At the moment of this writing, TPUs are not available yet for TensorFlow 2.0, therefore, version 1.14.0 will be used.

Both implementations (GPU and TPU) are available here

Data

To get the data (csv format), navigate to the Kaggle competition site. The comment_text and target columns contain respectively comments collected from the web and the associated label indicating if it was judged toxic.

Model

The first step is to create the model_fn function. The actual graph is defined in the build_model function. It uses TensorFlow Hub to get a pretrained BERT model and define a fully connected layer on top of the BERT pooling layer.

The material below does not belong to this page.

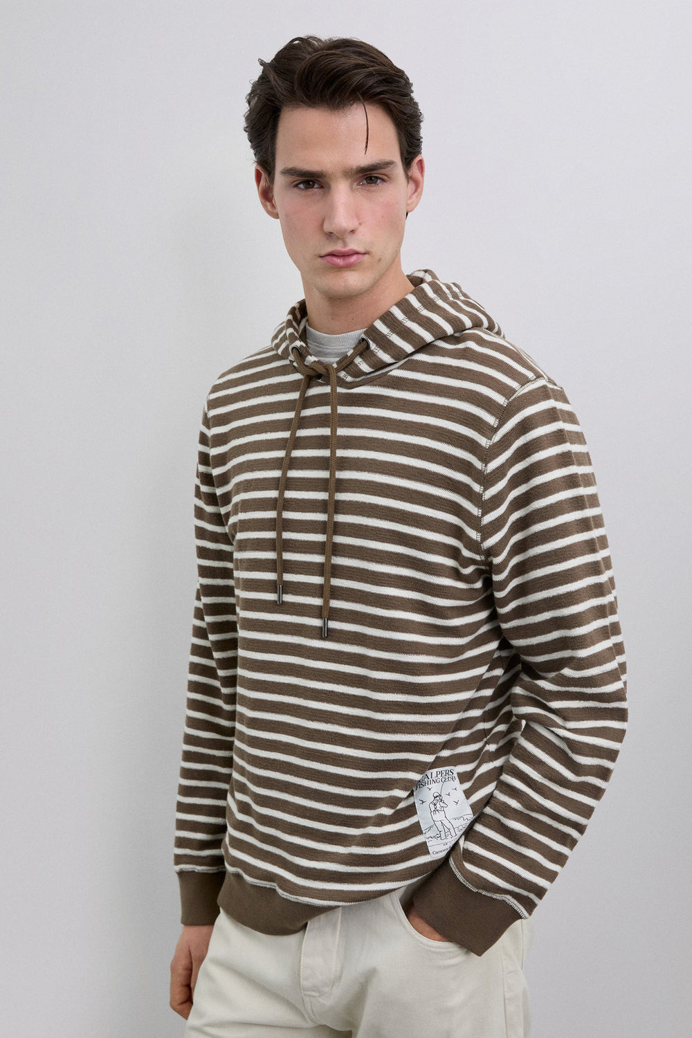 Sweatshirt confecionada em 100% algodão BCI. Padrão às riscas. Corte regular. Etiqueta bordada no lado esquerdo. Ilhós metálicos. Cordões com ponta metálica. Punhos e bainha canelados.

def model_fn(features, labels, mode, params):
  input_ids = features["input_ids"]
  input_mask = features["input_mask"]
  segment_ids = features["segment_ids"]
  label_ids = features["label_ids"]

  loss, train_op, eval_op, accuracy = build_model(
      params['config'],
      input_ids,
      input_mask,
      segment_ids,
      label_ids
  )

  if mode == tf.estimator.ModeKeys.TRAIN:
    spec = tf.estimator.EstimatorSpec(
        mode=tf.estimator.ModeKeys.TRAIN,
        loss=loss,
        train_op=train_op
    )
  elif mode == tf.estimator.ModeKeys.EVAL:
    spec = tf.estimator.EstimatorSpec(
        mode=mode,
        loss=loss,
        eval_metric_ops=eval_op
    )

  return spec

An EstimatorSpec is returned based on the current mode (eval, train).

Input

To manage inputs we use the input_fn function. It returns a dataset based on the running mode.

def input_fn(features, seq_length, batch_size, mode):
  all_input_ids = []
  all_input_mask = []
  all_segment_ids = []
  all_label_ids = []

  for feature in features:
    all_input_ids.append(feature.input_ids)
    all_input_mask.append(feature.input_mask)
    all_segment_ids.append(feature.segment_ids)
    all_label_ids.append(feature.label_id)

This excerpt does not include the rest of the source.